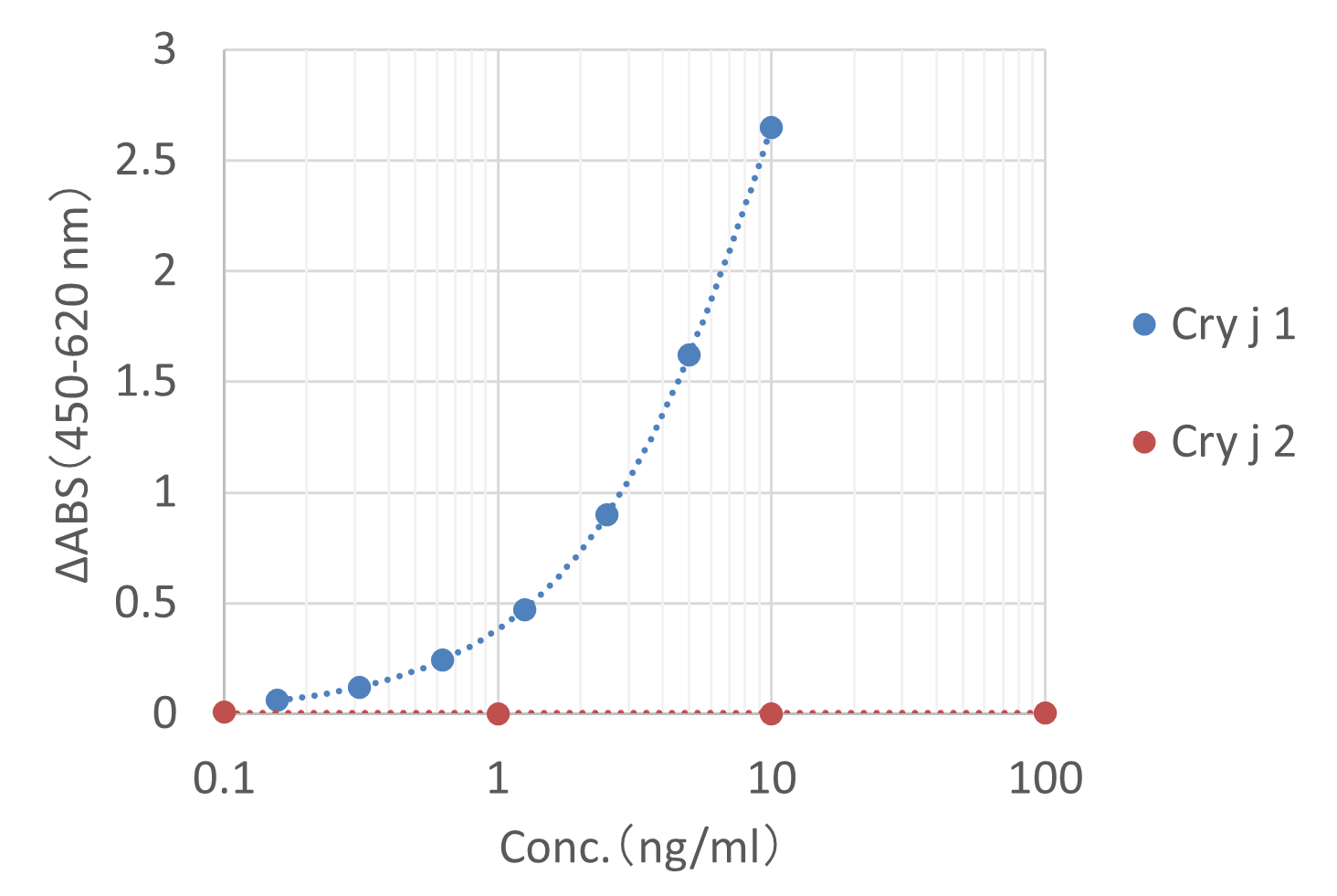 Cry j 1 was specifically measured and Cry j 2 (0.1、1、10、100 ng/mL) was no cross with in this assay.
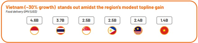 Tuy nhiên, so với các nước, quy mô giá trị đơn hàng (GMV) 1,4 tỷ USD của Việt Nam vẫn kém hơn mức 2,4 tỷ USD của Malaysia, 2,5 tỷ USD của Phillipnes và Singapore hay 3,7 tỷ USD của Thái Lan..., theo VnExpress.
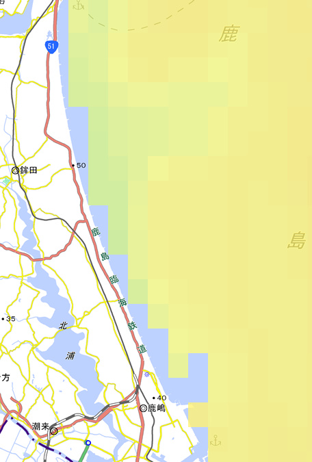 海水温を確認すると50と小さく黒字で書いてある辺りが湧昇でもしているのか水温低めでその南は水温が高い黒潮の影響があります。
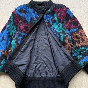 Vintage 80’s Rochelle California Colorful Abstract Full Zip Lined Oversized Sweater Jacket Womens
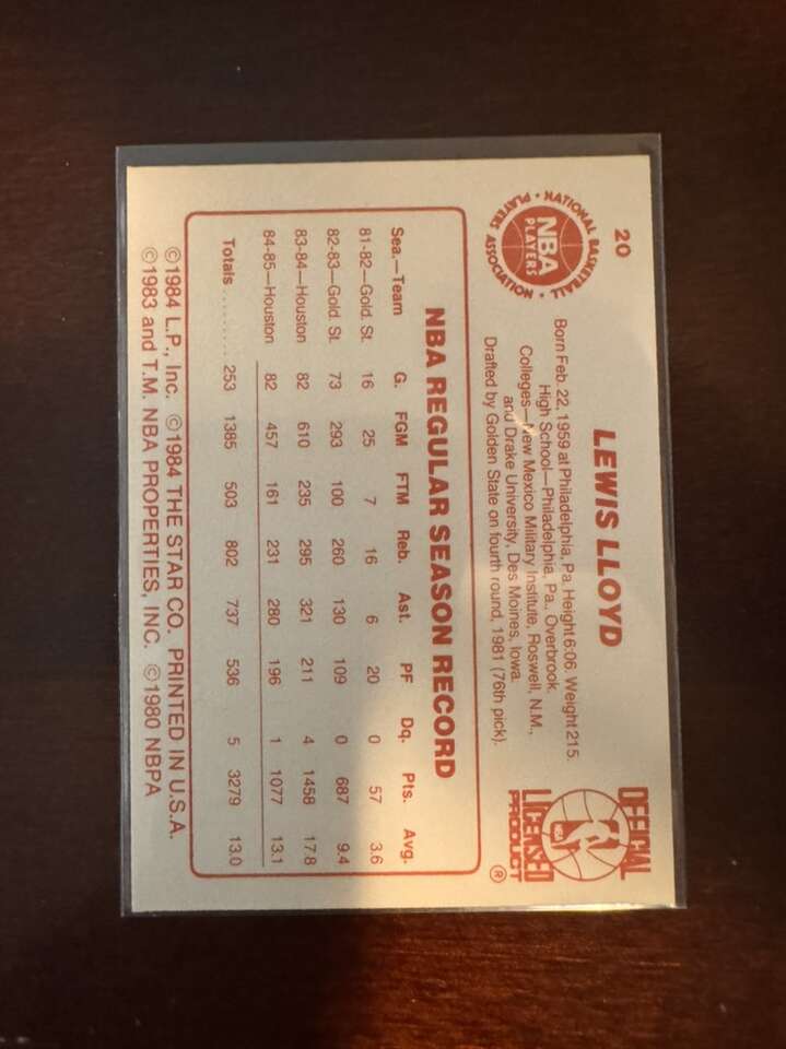 1986 Star Lewis Lloyd #21 Houston Rockets
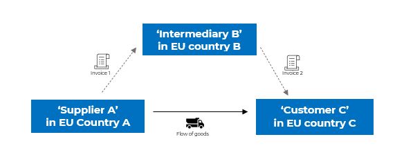 Por ejemplo, la parte B es una compañía establecida en Francia que recibe un pedido de productos textiles de la parte C, una compañía española. Los productos son fabricados en Italia por el proveedor A. Aunque B vende los bienes a C, la mercancía es directamente enviada de A- en Italia a C – en España.
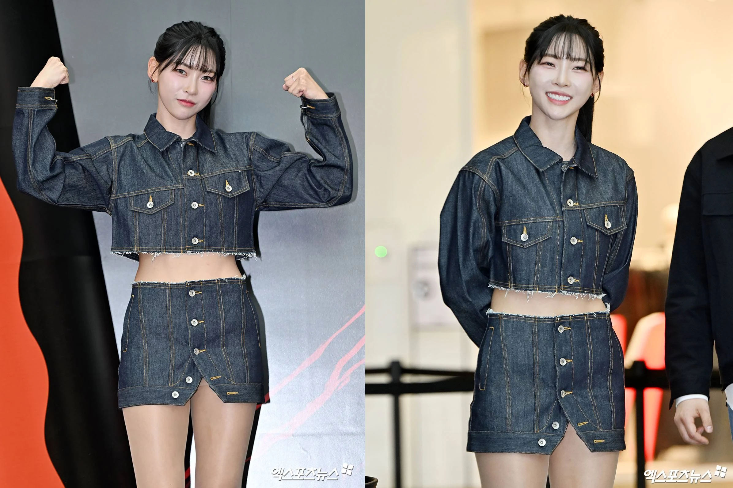 이날 김민지는 데님 셋업 스타일링으로 등장해 눈길을 끌었다. 크롭 기장의 재킷과 미니스커트를 매치한 그는 잘록한 허리 라인과 군살 없는 복근을 드러내며 건강미 넘치는 매력을 발산했다.
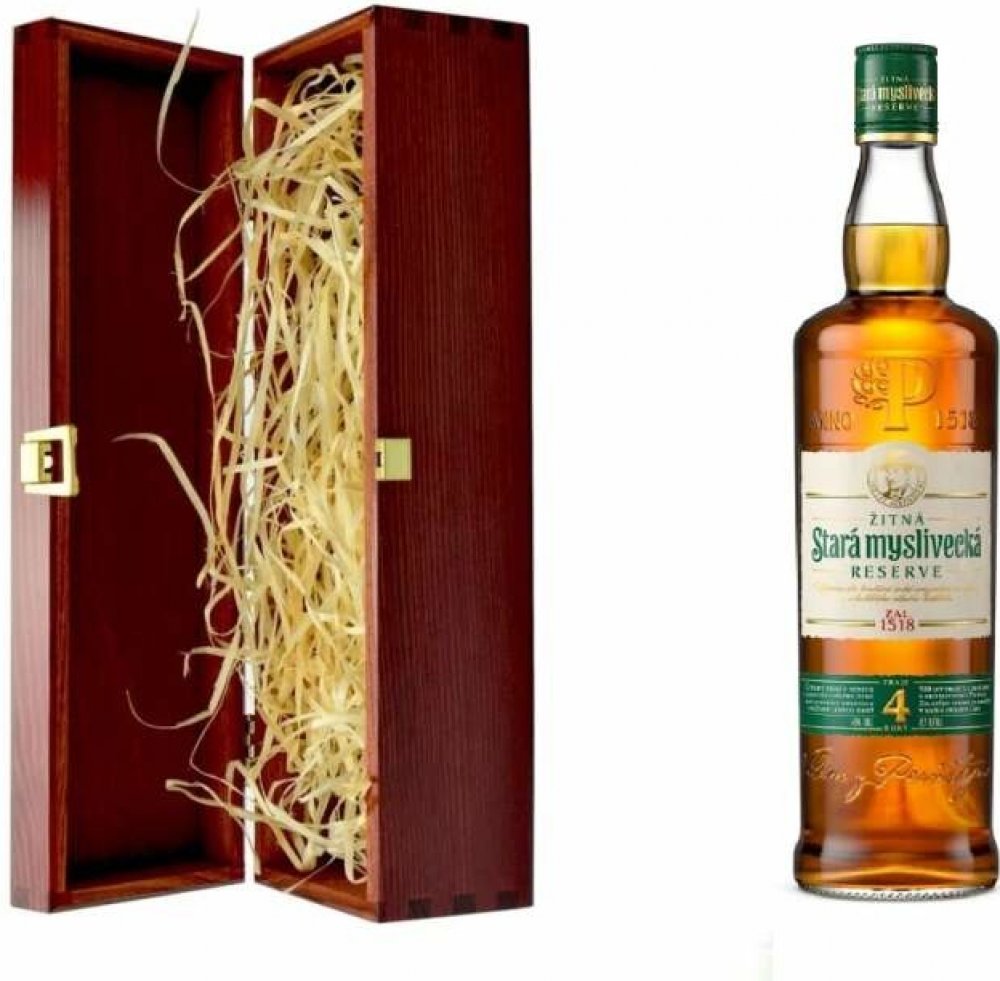 Unikátní výrobní postup dvojího zrání ve vybraných sudech z bílého dubu po dobu čtyř let je to, co odlišuje Reserve od rozšířenější Staré žitné myslivecké. Výsledkem je jedinečná jemná chuť whiskového charakteru s hřejivým dozvukem sadového ovoce.Lahev Staré žitné myslivecké je uložena v dřevěné kazetě a vystlána dřevitou vlnou. Rozměry dárkového balení: 36 x 11 x 10 cm (d x š x v) Krabička je namořena na odstín mahagon a nalakována nezávadným lakem. Díky tomu vyniknou veškeré detaily a léta dřeva, ze kterého byla krabička vyrobena.
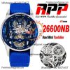 Home A+ P Code 11.59 26600 Tourbillon Automatic Mens Watch APPF Best Edition Black Skeleton Dial Blue Leather Strap CHS
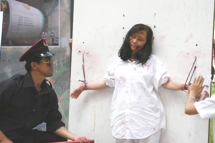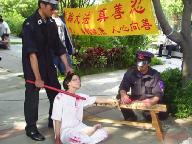 ◇聂海燕,化工专业硕士研究生,年轻美丽,因为坚持炼功,多次被绑折磨。2002年10-11月间,杨小蕾中队长看到她盘腿炼功,大怒,喝令戒毒人员吊绑她,挂在窗台上,她被吊了许久,嘴里又塞了东西,她真的很难受的时候,就在心里喊了声师父,立刻脚下绳索就松开了,她一活动手,也松开了,她挣了挣,就松绑了,人也下地了;同时房门打开了,另一个警察出现了,这个事就不了了之。
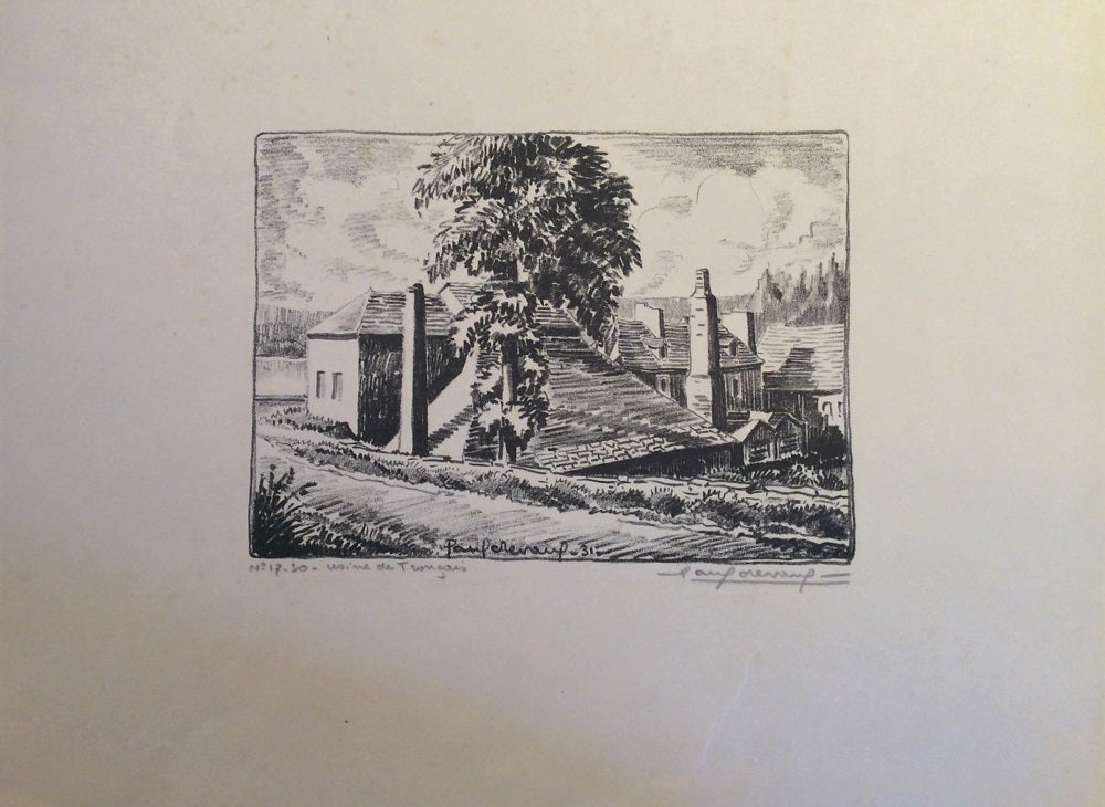 Estampe par le graveur sur bois Paul Devaux dit Jean Chapouteux (Bellerive-sur-Allier, 28 mai 1894 † Vichy, 25 mars 1949), SDb au centre, sous le sujet, au crayon, à g justifiée n°17/30 et titrée Usine de Tronçais, à d contresignée. Représentation des forges de Morat dans la forêt de Tronçais (Allier). Belle épreuve, grandes marges malgré une pliure dans la marge inférieure. La feuille 263*338 mm, le sujet 130*184 mm.

Problem requirements =>
Reproduce each entry verbatim, excluding any embedded images.

Reply =>
 Cry j 1 was specifically measured and Cry j 2 (0.1、1、10、100 ng/mL) was no cross with in this assay.
 Tuy nhiên, so với các nước, quy mô giá trị đơn hàng (GMV) 1,4 tỷ USD của Việt Nam vẫn kém hơn mức 2,4 tỷ USD của Malaysia, 2,5 tỷ USD của Phillipnes và Singapore hay 3,7 tỷ USD của Thái Lan..., theo VnExpress.
 海水温を確認すると50と小さく黒字で書いてある辺りが湧昇でもしているのか水温低めでその南は水温が高い黒潮の影響があります。
 Vintage 80’s Rochelle California Colorful Abstract Full Zip Lined Oversized Sweater Jacket Womens
 1986 Star Lewis Lloyd #21 Houston Rockets
 Por ejemplo, la parte B es una compañía establecida en Francia que recibe un pedido de productos textiles de la parte C, una compañía española. Los productos son fabricados en Italia por el proveedor A. Aunque B vende los bienes a C, la mercancía es directamente enviada de A- en Italia a C – en España.
 이날 김민지는 데님 셋업 스타일링으로 등장해 눈길을 끌었다. 크롭 기장의 재킷과 미니스커트를 매치한 그는 잘록한 허리 라인과 군살 없는 복근을 드러내며 건강미 넘치는 매력을 발산했다.
 Unikátní výrobní postup dvojího zrání ve vybraných sudech z bílého dubu po dobu čtyř let je to, co odlišuje Reserve od rozšířenější Staré žitné myslivecké. Výsledkem je jedinečná jemná chuť whiskového charakteru s hřejivým dozvukem sadového ovoce.Lahev Staré žitné myslivecké je uložena v dřevěné kazetě a vystlána dřevitou vlnou. Rozměry dárkového balení: 36 x 11 x 10 cm (d x š x v) Krabička je namořena na odstín mahagon a nalakována nezávadným lakem. Díky tomu vyniknou veškeré detaily a léta dřeva, ze kterého byla krabička vyrobena.
 Home A+ P Code 11.59 26600 Tourbillon Automatic Mens Watch APPF Best Edition Black Skeleton Dial Blue Leather Strap CHS
 ◇聂海燕,化工专业硕士研究生,年轻美丽,因为坚持炼功,多次被绑折磨。2002年10-11月间,杨小蕾中队长看到她盘腿炼功,大怒,喝令戒毒人员吊绑她,挂在窗台上,她被吊了许久,嘴里又塞了东西,她真的很难受的时候,就在心里喊了声师父,立刻脚下绳索就松开了,她一活动手,也松开了,她挣了挣,就松绑了,人也下地了;同时房门打开了,另一个警察出现了,这个事就不了了之。
 Estampe par le graveur sur bois Paul Devaux dit Jean Chapouteux (Bellerive-sur-Allier, 28 mai 1894 † Vichy, 25 mars 1949), SDb au centre, sous le sujet, au crayon, à g justifiée n°17/30 et titrée Usine de Tronçais, à d contresignée. Représentation des forges de Morat dans la forêt de Tronçais (Allier). Belle épreuve, grandes marges malgré une pliure dans la marge inférieure. La feuille 263*338 mm, le sujet 130*184 mm.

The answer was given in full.